• Your task
For this exercise, transcribe every line of the material exactly and skip the pictures.

-- Given data follows --

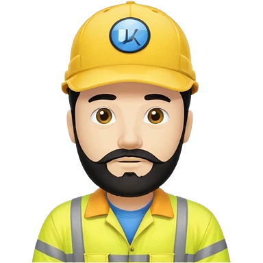 Man in yellow hi vis overalls, with black hair and full beard emoji
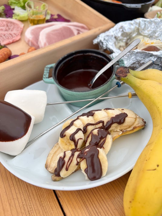 群馬県産コシヒカリと白沢の天然水を使用して炊き上げるふっくらごはんに春の味覚「たけのこ」をトッピング。備長炭を使用した円形鉄板とダッチオーブンで炊き上げることにより、香ばしいおこげもお楽しみいただけるアウトドア感満載の一品です。 ■チョコレートフォンデュスイーツセット
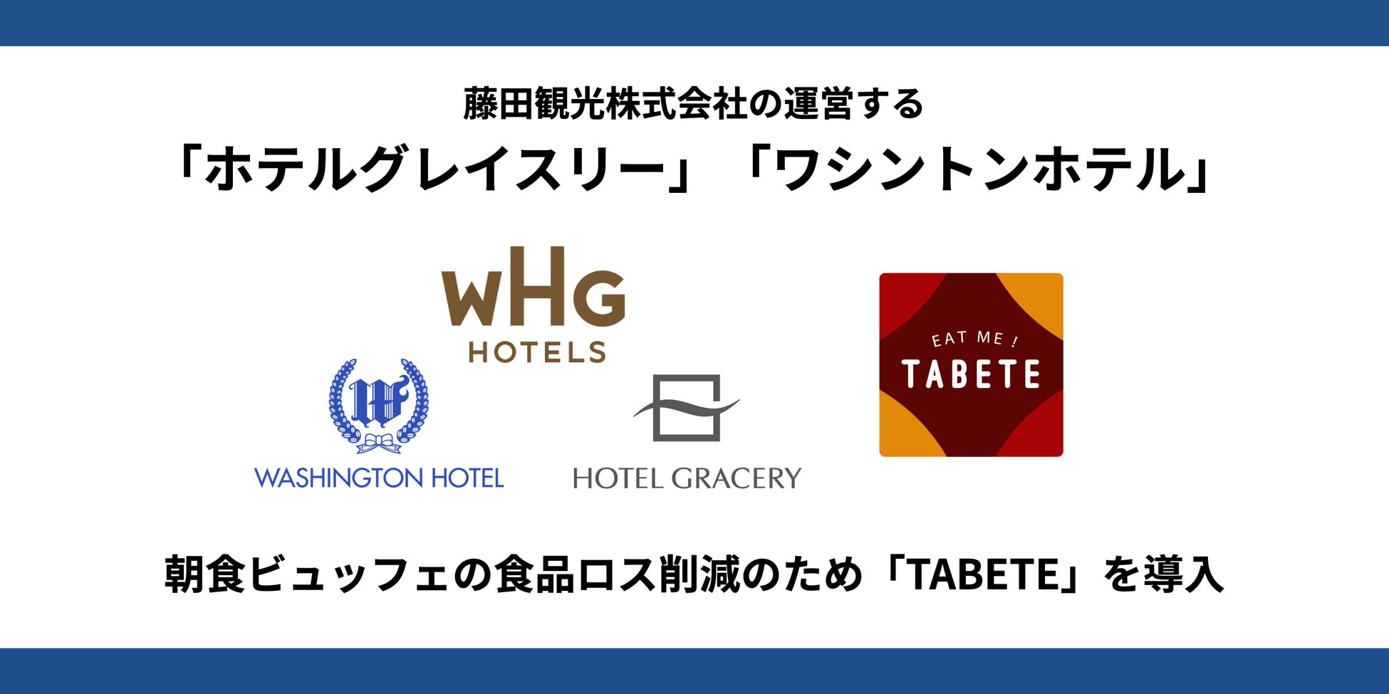 藤田観光株式会社が運営する『ホテルグレイスリー』『ワシントンホテル』がTABETEを導入。ホテルの朝食ブッフェにおける食品ロス削減を目指す。
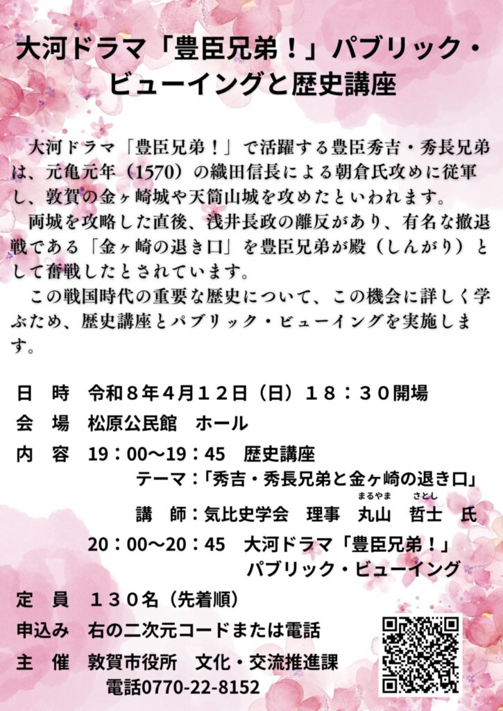 知り合いの敦賀FMのパーソナリティーさんからのお話だったことに加え、4月12日(日)に開催する“NHK大河ドラマ「豊臣兄弟!」パブリック・ビューイング&歴史講座”(講座は気比史学会が担当)の告知にもなると、二つ返事でお引き受けしたもの。

-- Given data concluded --

• The answer
 Man in yellow hi vis overalls, with black hair and full beard emoji
 群馬県産コシヒカリと白沢の天然水を使用して炊き上げるふっくらごはんに春の味覚「たけのこ」をトッピング。備長炭を使用した円形鉄板とダッチオーブンで炊き上げることにより、香ばしいおこげもお楽しみいただけるアウトドア感満載の一品です。 ■チョコレートフォンデュスイーツセット
 藤田観光株式会社が運営する『ホテルグレイスリー』『ワシントンホテル』がTABETEを導入。ホテルの朝食ブッフェにおける食品ロス削減を目指す。
 知り合いの敦賀FMのパーソナリティーさんからのお話だったことに加え、4月12日(日)に開催する“NHK大河ドラマ「豊臣兄弟!」パブリック・ビューイング&歴史講座”(講座は気比史学会が担当)の告知にもなると、二つ返事でお引き受けしたもの。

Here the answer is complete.